[英]pandas column containing list of objects, split this column based upon keynames and store values as comma separated values
我有一個包含列的數據框:
A
[{"A": 28, "B": "abc"},{"A": 29, "B": "def"},{"A": 30, "B": "hij"}]
[{"A": 31, "B": "hij"},{"A": 32, "B": "abc"}]
[{"A": 28, "B": "abc"}]
[{"A": 28, "B": "abc"},{"A": 29, "B": "def"},{"A": 30, "B": "hij"}]
[{"A": 28, "B": "abc"},{"A": 29, "B": "klm"},{"A": 30, "B": "nop"}]
[{"A": 28, "B": "abc"},{"A": 29, "B": "xyz"}]
輸出應為:
A B
28,29,30 abc,def,hij
31,32 hij,abc
28 abc
28,29,30 abc,def,hij
28,29,30 abc,klm,nop
28,29 abc,xyz
我如何根據鍵名將對象列表分為幾列,並將它們存儲為逗號分隔的值,如上所示。
通過使用stack
然后groupby
df.A.apply(pd.Series).stack().\
apply(pd.Series).groupby(level=0).\
agg(lambda x :','.join(x.astype(str)))
Out[457]:
A B
0 28,29,30 abc,def,hij
1 31,32 hij,abc
2 28 abc
3 28,29,30 abc,def,hij
4 28,29,30 abc,klm,nop
數據輸入:
df=pd.DataFrame({'A':[[{"A": 28, "B": "abc"},{"A": 29, "B": "def"},{"A": 30, "B": "hij"}],
[{"A": 31, "B": "hij"},{"A": 32, "B": "abc"}],
[{"A": 28, "B": "abc"}],[{"A": 28, "B": "abc"},{"A": 29, "B": "def"},{"A": 30, "B": "hij"}],
[{"A": 28, "B": "abc"},{"A": 29, "B": "klm"},{"A": 30, "B": "nop"}]]})
對於您的其他問題,請從csv中閱讀
import ast
df=pd.read_csv(r'your.csv',dtype={'A':object})

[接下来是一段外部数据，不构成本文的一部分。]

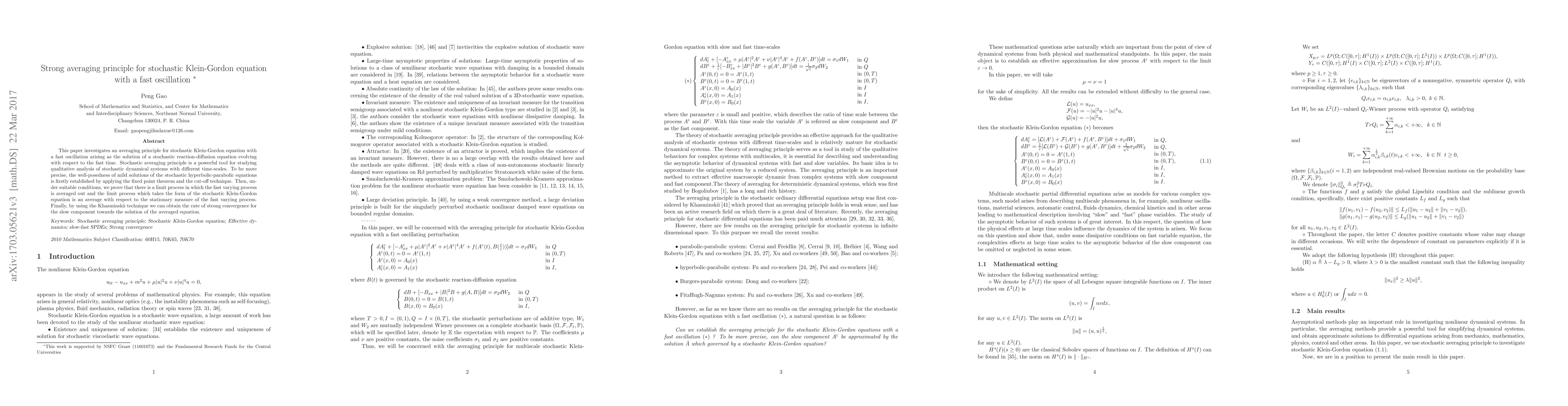 This paper investigates an averaging principle for stochastic Klein-Gordon equation with a fast oscillation arising as the solution of a stochastic reaction-diffusion equation evolving with respect to the fast time. Stochastic averaging principle is a powerful tool for studying qualitative analysis of stochastic dynamical systems with different time-scales. To be more precise, the well-posedness of mild solutions of the stochastic hyperbolic-parabolic equations is firstly established by applying the fixed point theorem and the cut-off technique. Then, under suitable conditions, we prove that there is a limit process in which the fast varying process is averaged out and the limit process which takes the form of the stochastic Klein-Gordon equation is an average with respect to the stationary measure of the fast varying process. Finally, by using the Khasminskii technique we can obtain the rate of strong convergence for the slow component towards the solution of the averaged equation.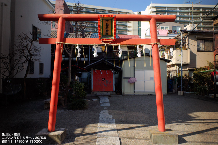 白鬚橋で隅田川を渡るその途中。墨堤通り平行の路地にあるお稲荷さん。鳥居がなければ公園のような風情。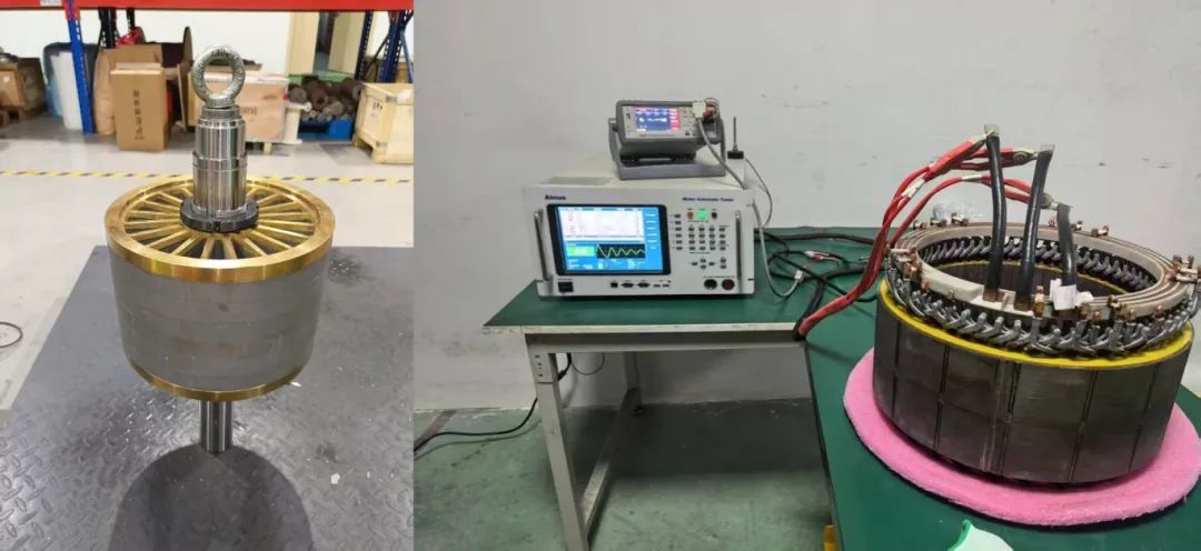 目前公司抽蓄電站均應(yīng)用IE3水平的定速三相異步電機(jī),運(yùn)行效率和噪聲存在較大提升和改善空間。該超高效驅(qū)動(dòng)電機(jī)由科研院技術(shù)專家馬一鳴帶領(lǐng)團(tuán)隊(duì)自主研發(fā),電機(jī)采用永磁電機(jī)加變頻器的高度集成機(jī)構(gòu)替代傳統(tǒng)感應(yīng)電機(jī),在拓?fù)浣Y(jié)構(gòu)、制造材料、仿真優(yōu)化、控制策略和智能監(jiān)測(cè)上應(yīng)用了多項(xiàng)創(chuàng)新技術(shù),進(jìn)一步提升電機(jī)綜合性能。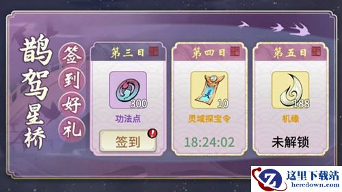 活动期间只需要每日前往鹊桥签到就能获取大量功法点、探宝令、机缘~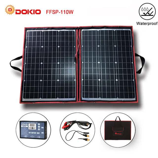 Dokio 100W (50Wx2Pcs) 18V Flexible Black Solar Panels China Foldable + 12V Controller 110 Watt Panels Solar For Car Battery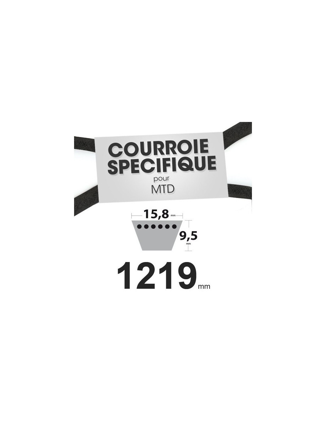 Courroie tondeuse spécifique MTD 7540370. 15,8 mm x 1219 mm.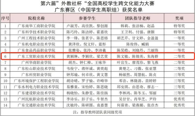 11月25日,在第六届“外教社杯”全国高校学生跨文化能力大赛广东赛区中新葡的京官网22商英5班黄颖琳、22国贸1班李颖欣和22工设5班梁艺萱三名同学组成的团队荣获二等奖,应用外语学院陈文敏老师、陈锦英博士和朱海群老师获得优秀指导教师奖。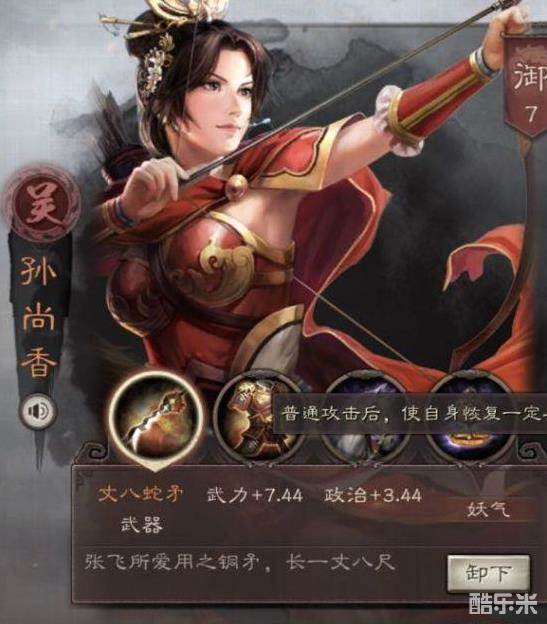太史慈和孙尚香最好都有“妖气”武器,这支吴弓的续航由三个“小续航”构成,战场上一点点回兵力都是能滚雪球的:锦帆军恢复,妖气恢复,兵书“胜而益强”恢复。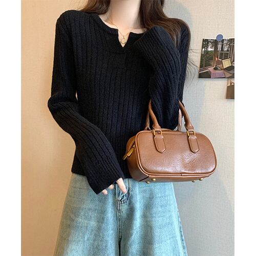 すっきり見えるリブ編みデザインが特徴の長袖ニットトップス。首元のスリットが抜け感をプラスし、こなれた印象を演出します。シンプルながら洗練された雰囲気があり、フレアスカートやワイドパンツと合わせればきれいめカジュアルなスタイルが完成。程よいフィット感で女性らしいシルエットを引き立てつつ、デイリーからお出かけまで幅広く活躍する万能アイテムです。季節を問わず着回しやすく、1枚で存在感を放つトップスとしておすすめです。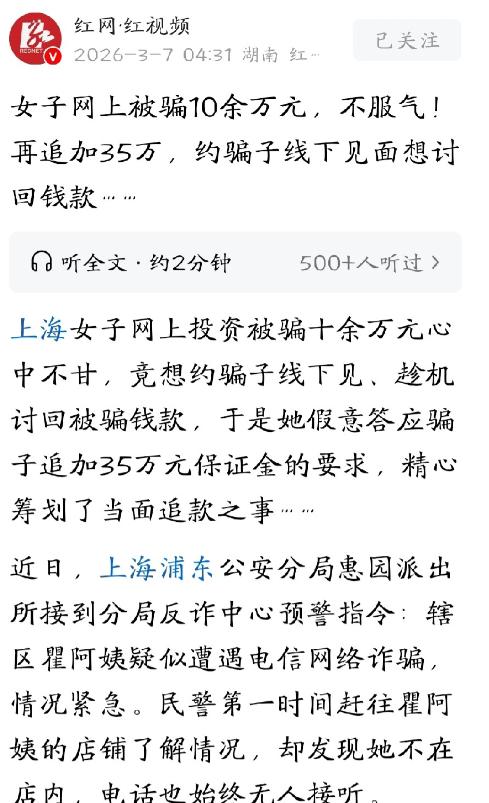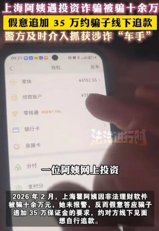 电视都不敢这么演!上海,大妈在网上投资了十几万,本想着大赚一笔,谁知却被骗了个精光。她不甘心,竟然想着约骗子线下见面,想办法把被骗的钱追回来。所以,她将计就计,假装答应骗子,说想要追加35万保证金,并和对方约好了见面地点。万万没想到,见面后的情况,跟她想象中完全不一样。 大妈还比较谨慎,只是试探着问了问客服,客服说得天花乱坠,说这个平台是正规的,有国家资质,还拉她进了一个投资交流群。群里每天都有人晒收益截图,说自己投了几万,没几天就赚了几千,还有“老师”每天直播讲课,指导大家怎么投资,一步步打消了大妈的顾虑。 大妈心动了,想着自己退休工资不多,要是能通过投资赚一笔,以后养老也能更宽裕些。她先是投了1万块钱,没想到才过了3天,就收到了1000块钱的收益,这一下,大妈彻底放下了戒心,觉得自己找到了一条“致富路”。 接下来的几天,大妈越投越多,先后投了十几万,都是自己攒了一辈子的养老钱,还有一部分是向亲戚借的。刚开始,她还能收到少量收益,可没过多久,她就发现不对劲——平台上的收益没法提现了,客服也开始敷衍她,说系统维护、资金冻结,让她再等等。 大妈心里发慌,赶紧联系那个指导她投资的“老师”,可对方要么不回消息,要么就找各种借口推脱,到最后,干脆把她拉黑了。这时候,大妈才恍然大悟,自己被骗了,十几万的钱,一分都要不回来了。 看着手机里空荡荡的账户,大妈急得整夜睡不着觉,越想越不甘心。她不想就这么白白损失十几万,思来想去,竟然生出了一个大胆的想法——约骗子线下见面,想办法把钱追回来。 她试着用另一个手机号添加骗子的微信,假装自己还不知道被骗,语气热情地说,自己觉得这个投资很靠谱,想再追加35万保证金,希望能和对方见一面,详细聊聊投资细节。 让大妈没想到的是,骗子竟然真的答应了。大概是觉得大妈还没醒悟,还想再多骗一笔,骗子很快就和她约好了见面地点,选在一个偏僻的小区门口,还特意叮嘱她,只能一个人来,不能告诉别人,否则就取消见面,她之前投的钱也别想再要回来。 大妈表面上一口答应,心里却早有打算,她想着,只要能见到骗子,就趁机记住对方的长相,再想办法周旋,实在不行就报警。为了保险起见,她出门前,悄悄把见面地点、骗子的微信头像和聊天记录都发给了自己的儿子,还跟儿子约定,要是一个小时内没给她发消息,就赶紧报警。 到了见面地点,大妈远远就看到两个陌生男子站在路边,看着鬼鬼祟祟的。她深吸一口气,走了过去,刚开口问对方是不是“投资老师”,其中一个男子就上前一步,语气凶狠地问她:“钱带来了吗?35万,一分都不能少。” 大妈这才意识到,自己想错了,骗子根本不是一个人,而且态度极其恶劣,根本没有跟她周旋的意思。她强装镇定,说自己没带现金,想先确认一下平台的安全性,再把钱转过来。可这话刚说完,另一个男子就不耐烦了,伸手就要拉她,还威胁她说,要是敢耍花样,就让她吃不了兜着走。 大妈吓得浑身发抖,赶紧往后退,这时候,她突然想起自己跟儿子的约定,趁两个男子不注意,悄悄按下了手机里的报警快捷键。大概过了十几分钟,民警就赶到了现场,两个骗子看到民警,当场就慌了,转身就想跑,可没跑几步,就被民警当场抓获。 到了派出所,两个骗子很快就交代了自己的犯罪事实。他们根本不是什么投资平台的工作人员,就是专门靠虚假投资诈骗的骗子。 那个所谓的投资平台、交流群、收益截图,全都是他们伪造的,目的就是骗取老年人的钱财。他们没想到,大妈竟然会主动约他们见面,还以为能再骗一笔,没想到最终栽在了大妈手里。 经过几个月的调查和追缴,大妈被骗的十几万,大部分被追了回来,剩下的部分,民警也在继续追缴中。大妈拿到追回的钱,又激动又后怕,她万万没想到,自己一时贪念,不仅被骗了钱,还差点陷入更大的危险,要是没有及时报警,后果不堪设想。 这件事其实给很多老年人提了个醒,现在网上的虚假投资诈骗越来越多,骗子们抓住老年人渴望赚钱、防范意识薄弱的特点,编造各种虚假宣传,设下陷阱,让很多老年人血本无归。 很多老年人退休后,手里有一些积蓄,想通过投资增加收入,可往往因为缺乏防骗知识,轻易相信骗子的花言巧语,最终被骗。 对比那些被骗后,只能自认倒霉、默默承受损失的老年人,这位大妈还算勇敢,不甘心被骗,敢于主动想办法,虽然过程很惊险,但最终成功协助民警抓获了骗子,追回了大部分损失。 可现实中,很多老年人被骗后,因为害怕被家人指责,或者觉得钱追不回来,就选择不报警,这反而让骗子更加肆无忌惮,继续欺骗更多的人。 我觉得,老年人想要通过投资增加收入,无可厚非,但一定要保持清醒的头脑,牢记“天上不会掉馅饼”,任何低投入、高回报、保本保息的投资,都是骗局。 子女也应该多关心家里的老年人,平时多给他们普及防骗知识,提醒他们警惕虚假投资、电信诈骗等骗局,定期和他们沟通,了解他们的资金流向。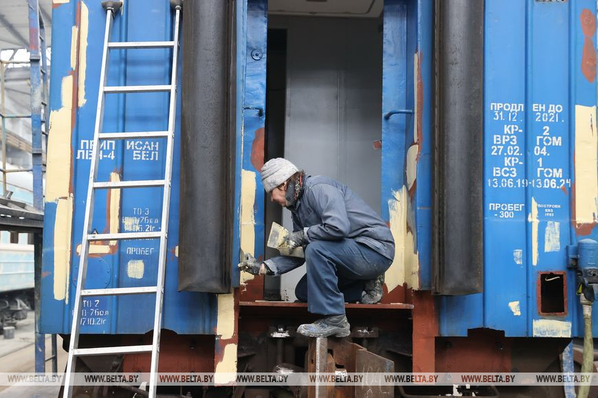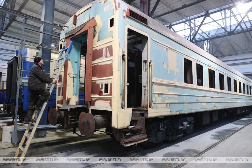 26 января, Гомель /Корр. БЕЛТА/. На ЗАО "Гомельский вагоностроительный завод" ремонтируют и восстанавливают пассажирские вагоны, почтово-багажные и вагоны специального назначения. Активными партнерами предприятия в последние годы выступают железнодорожники Казахстана. В настоящее время экспорт услуг для этой страны составляет более 40%. В ремонтных цехах Гомельского вагоностроительного завода одновременно находится более 100 вагонов, а ежемесячно на линейку готовности выпускаются более 50 находящихся в ремонте вагонов, почти половина из которых - для Казахстанских железных дорог.-0-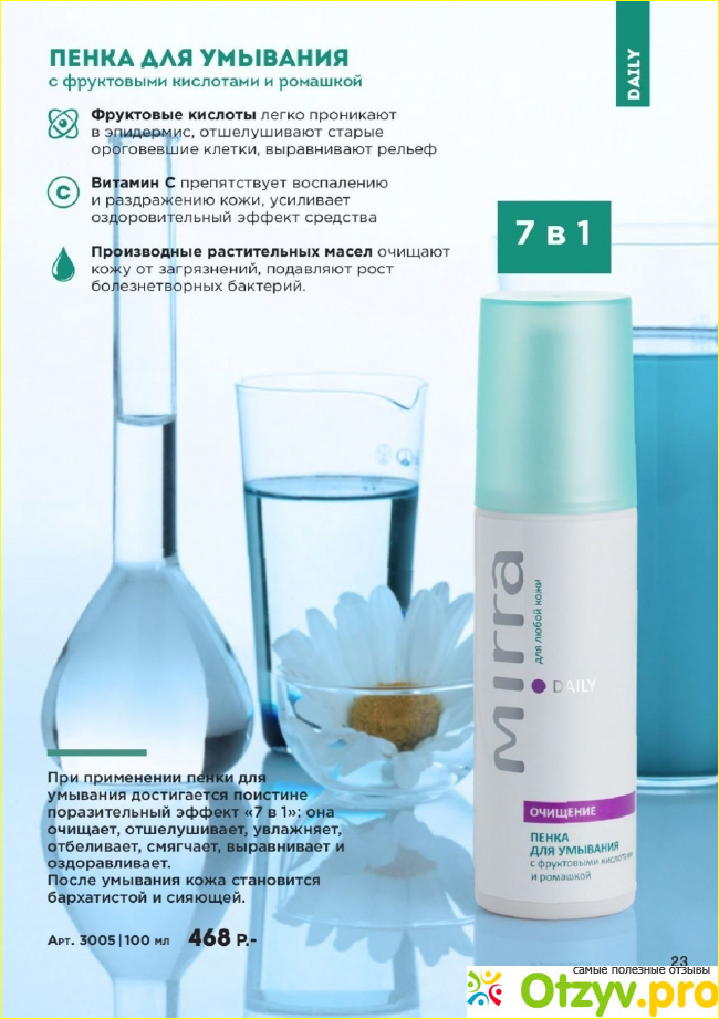 Зато пенка эффективно и деликатно очищает кожу от загрязнений, успокаивает кожный покров от воспалений и покраснений, заживляет места с мелкими царапинами и препятствует развитию патогенной микрофлоры. В итоге кожа становится чистая, нет черных точек, поры сужаются, очень здоровый и красивый оттенок лица, меньше сыпи. Получается идеальное увлажнение, мелкие морщины уходят и идет их замедление, влага остается внутри клеток.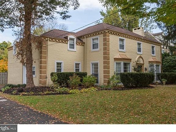 Welcome to this gracious and elegant 3000 Sq. Ft Center hall Colonial, situated on a beautiful half an acre lot in the heart of Elkins Park. This wonderful family home offers great space and modern amenities. There are unique architectural details such as archways, beamed ceiling, random-width wood-pegged floors, crown molding and floor to ceiling windows throughout the main level. The first floor feature a inviting spacious foyer, lovely living room with fireplace, seven floor to ceiling windows and built-ins, a large elegant dining room, a fabulous family room with sliding doors to flagstone patio overlooking beautiful back yard, spectacular kitchen that includes granite counters, custom cabinets, imported tumble marble backsplash, center island with gas cook-top, stainless still appliances, double wall oven, two dishwashers, two sinks and a large pantry closet. Off of the kitchen there is a very attractive breakfast room sitting room with slate floor, beamed ceiling and sliding glass doors to back patio and yard, completing the main level is an office, powder room and backstairs. The upper level includes a large master suite with master bath, hall bath, second bedroom with French doors to roof deck, 3rd large bedroom and 2 additional bedrooms suite with the third bathroom and a laundry room, this wing can be accessed through the back stairs or through the main upper level. The back yard is like your own private park with beautiful specimen trees and bushes. Walking distance to the Elkins Park train Station and Creekview Coop. Easy to show, immediate possession possible. Do not miss this fabulous property.
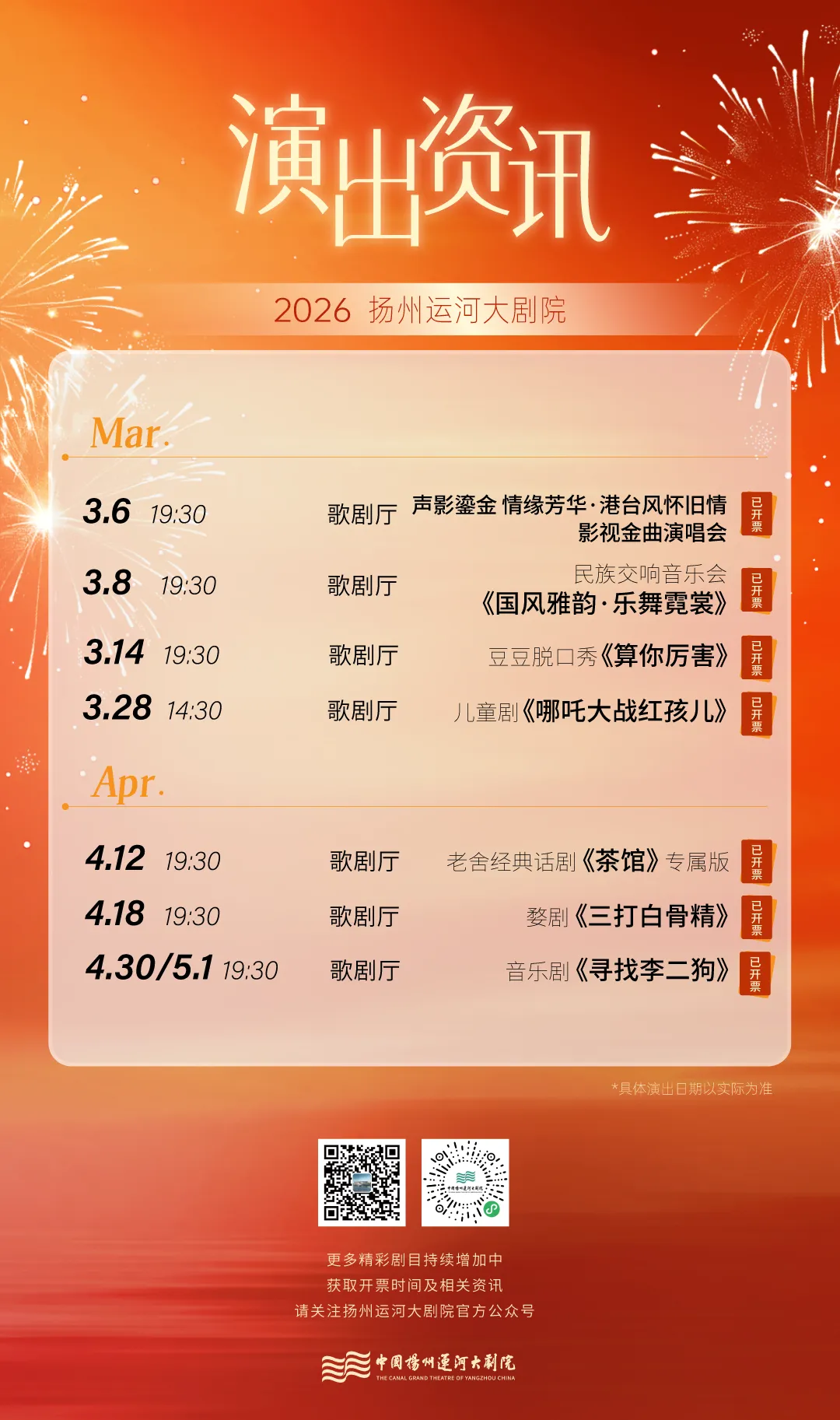 3月8日19:30 来扬州运河大剧院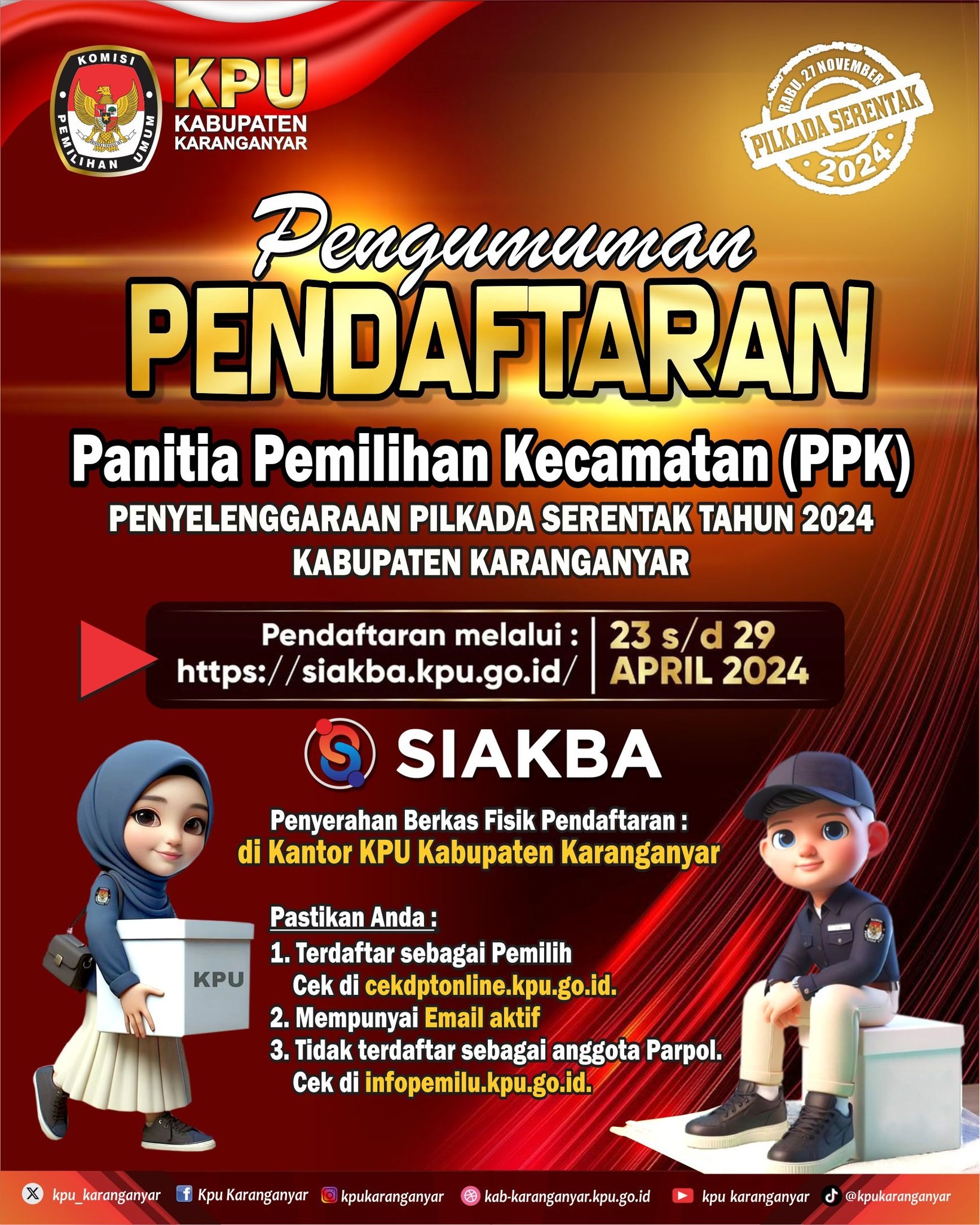 KPU Kabupaten Karanganyar mengucapkan Selamat dan Sukses atas dilantiknya 2.673 Pantarlih Pemilihan Tahun 2024 se-Kabupaten Karanganyar.

df['A'] = df['A'].apply(ast.literal_eval)
我以為A
是字典列表
A = [
[{"A": 28, "B": "abc"},{"A": 29, "B": "def"},{"A": 30, "B": "hij"}],
[{"A": 31, "B": "hij"},{"A": 32, "B": "abc"}],
[{"A": 28, "B": "abc"}],
[{"A": 28, "B": "abc"},{"A": 29, "B": "def"},{"A": 30, "B": "hij"}],
[{"A": 28, "B": "abc"},{"A": 29, "B": "klm"},{"A": 30, "B": "nop"}],
[{"A": 28, "B": "abc"},{"A": 29, "B": "xyz"}]
]
我要做的第一件事是使用理解能力來創建新詞典。 然后','.join
groupby
B = {
(i, j, k): v
for j, row in enumerate(A)
for i, d in enumerate(row)
for k, v in d.items()
}
pd.Series(B).astype(str).groupby(level=[1, 2]).apply(','.join).unstack()
A B
0 28,29,30 abc,def,hij
1 31,32 hij,abc
2 28 abc
3 28,29,30 abc,def,hij
4 28,29,30 abc,klm,nop
5 28,29 abc,xyz
以為我會為此開槍。 首先, 切勿在可以避免使用eval
地方使用它。 更好的解決方案是使用ast
:
import ast
df.A = df.A.apply(ast.literal_eval)
接下來,將您的列展平:
i = df.A.str.len().cumsum() # we'll need this later
df = pd.DataFrame.from_dict(np.concatenate(df.A).tolist())
df.A = df.A.astype(str)
df
A B
0 28 abc
1 29 def
2 30 hij
3 31 hij
4 32 abc
5 28 abc
6 28 abc
7 29 def
8 30 hij
9 28 abc
10 29 klm
11 30 nop
12 28 abc
13 29 xyz
現在,使用由i
間隔執行groupby
。
idx = pd.cut(df.index, bins=np.append([0], i), include_lowest=True, right=False)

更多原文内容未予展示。